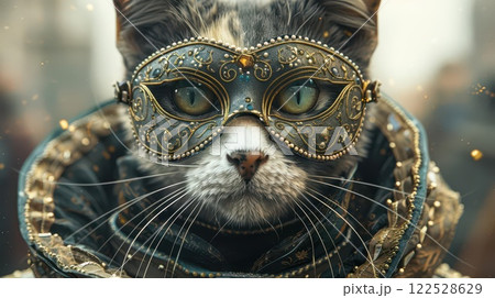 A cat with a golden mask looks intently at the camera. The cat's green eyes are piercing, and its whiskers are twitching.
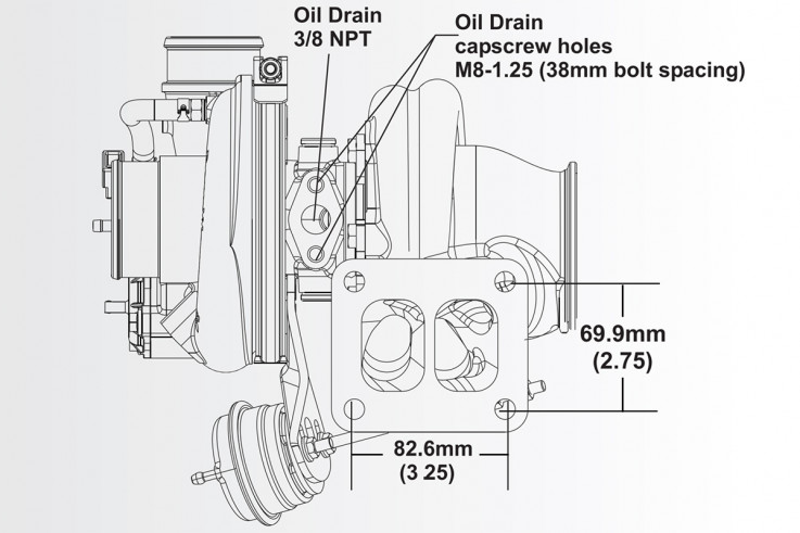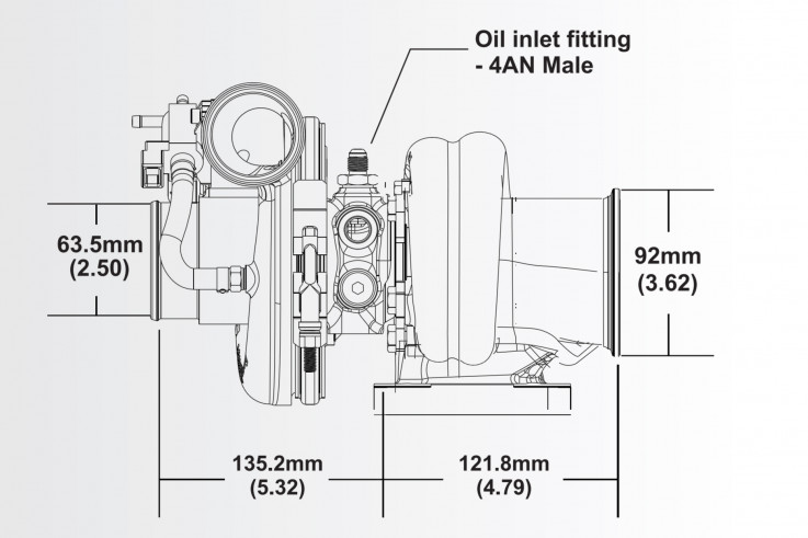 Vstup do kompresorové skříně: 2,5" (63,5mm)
* * *
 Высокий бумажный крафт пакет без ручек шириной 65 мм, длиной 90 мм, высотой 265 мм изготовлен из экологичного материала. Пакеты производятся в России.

● **Exercise goal**
Return exactly the lines above, from the one with "A cat with a" up to and including the one with "Vstup do kompresorové", and include no pictures.

● **Written response**
 A cat with a golden mask looks intently at the camera. The cat's green eyes are piercing, and its whiskers are twitching.
 Vstup do kompresorové skříně: 2,5" (63,5mm)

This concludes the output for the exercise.